--- Data ---

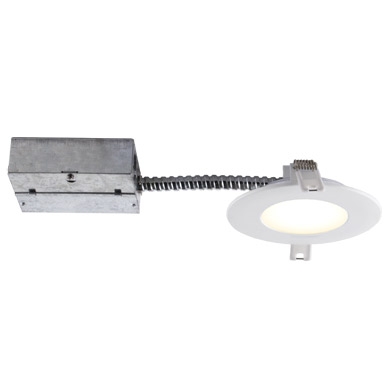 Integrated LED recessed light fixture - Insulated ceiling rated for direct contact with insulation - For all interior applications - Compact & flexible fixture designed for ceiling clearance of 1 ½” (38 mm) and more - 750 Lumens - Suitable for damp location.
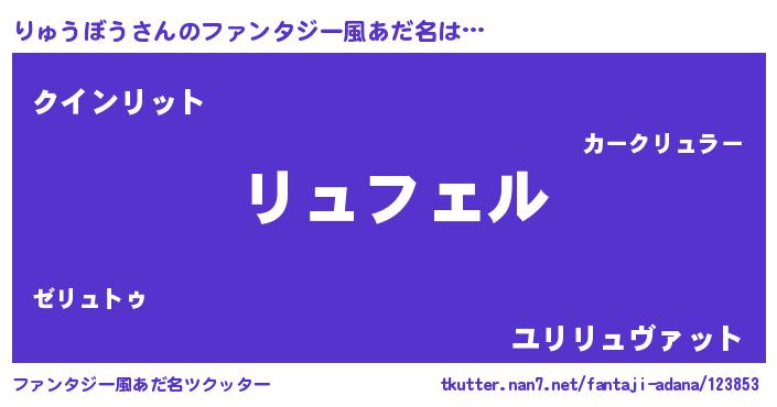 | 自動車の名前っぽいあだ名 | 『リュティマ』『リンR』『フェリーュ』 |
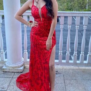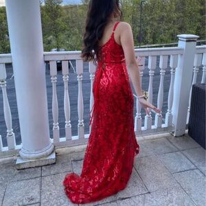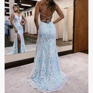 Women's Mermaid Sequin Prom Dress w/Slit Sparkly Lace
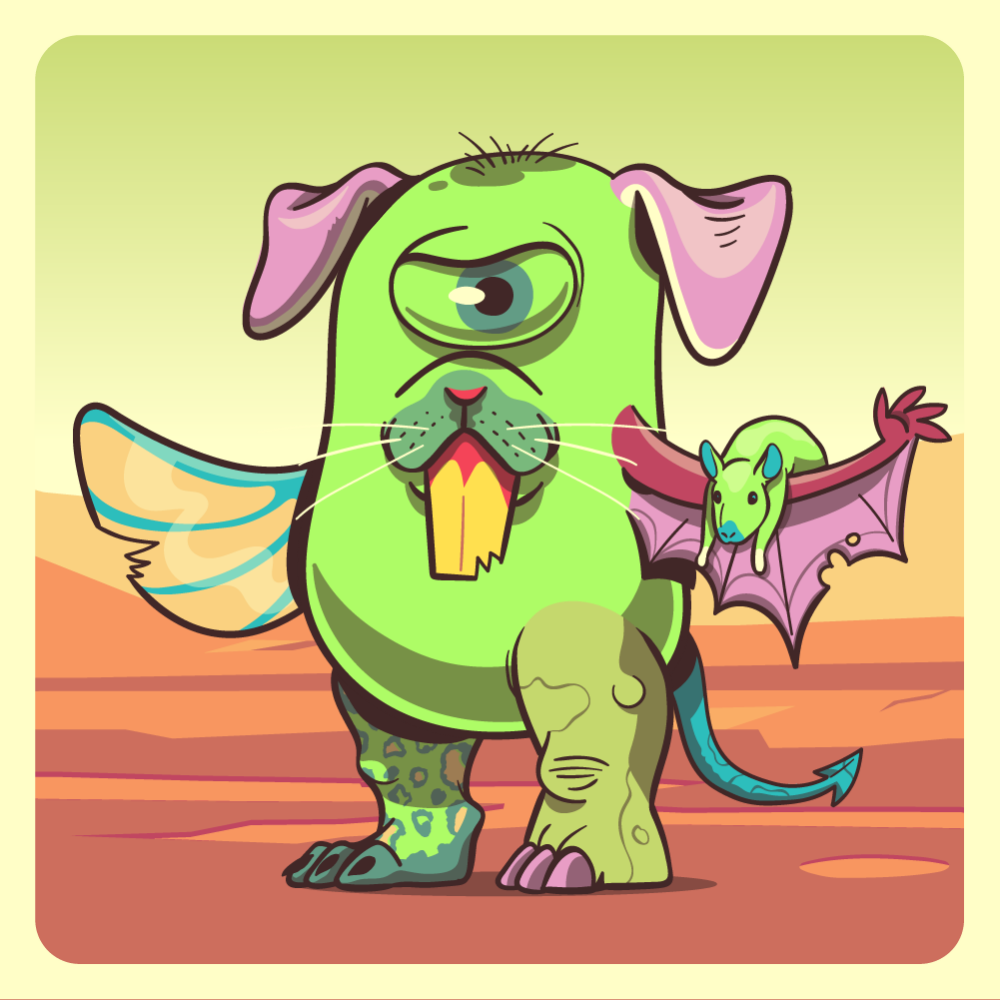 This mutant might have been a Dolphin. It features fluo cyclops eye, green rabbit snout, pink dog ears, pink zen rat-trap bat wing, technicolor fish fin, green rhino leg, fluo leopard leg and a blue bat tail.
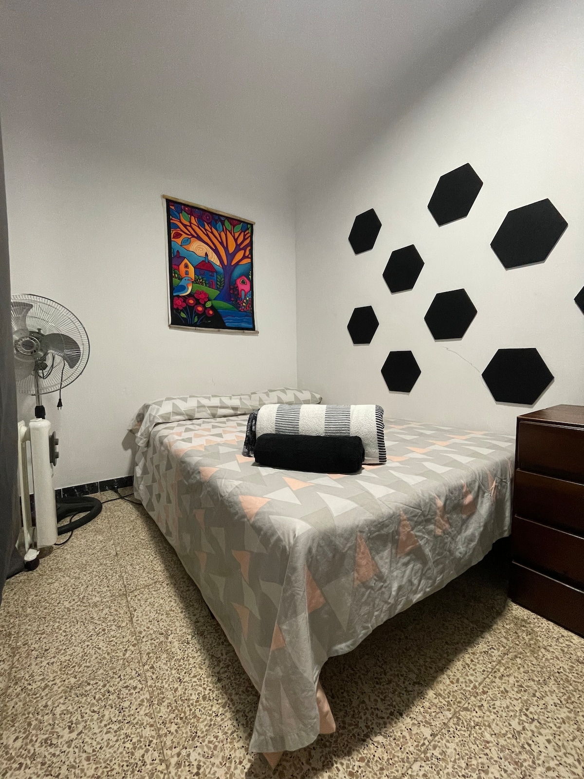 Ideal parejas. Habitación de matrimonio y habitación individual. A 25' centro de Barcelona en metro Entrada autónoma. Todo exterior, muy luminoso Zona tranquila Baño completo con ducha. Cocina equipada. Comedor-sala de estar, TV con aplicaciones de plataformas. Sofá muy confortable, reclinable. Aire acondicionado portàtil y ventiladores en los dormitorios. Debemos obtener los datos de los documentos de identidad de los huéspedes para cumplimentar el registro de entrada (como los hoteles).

---

What is needed here is an exact copy of every record, with the pictures left out.

▶ [Written response]
 Integrated LED recessed light fixture - Insulated ceiling rated for direct contact with insulation - For all interior applications - Compact & flexible fixture designed for ceiling clearance of 1 ½” (38 mm) and more - 750 Lumens - Suitable for damp location.
 | 自動車の名前っぽいあだ名 | 『リュティマ』『リンR』『フェリーュ』 |
 Women's Mermaid Sequin Prom Dress w/Slit Sparkly Lace
 This mutant might have been a Dolphin. It features fluo cyclops eye, green rabbit snout, pink dog ears, pink zen rat-trap bat wing, technicolor fish fin, green rhino leg, fluo leopard leg and a blue bat tail.
 Ideal parejas. Habitación de matrimonio y habitación individual. A 25' centro de Barcelona en metro Entrada autónoma. Todo exterior, muy luminoso Zona tranquila Baño completo con ducha. Cocina equipada. Comedor-sala de estar, TV con aplicaciones de plataformas. Sofá muy confortable, reclinable. Aire acondicionado portàtil y ventiladores en los dormitorios. Debemos obtener los datos de los documentos de identidad de los huéspedes para cumplimentar el registro de entrada (como los hoteles).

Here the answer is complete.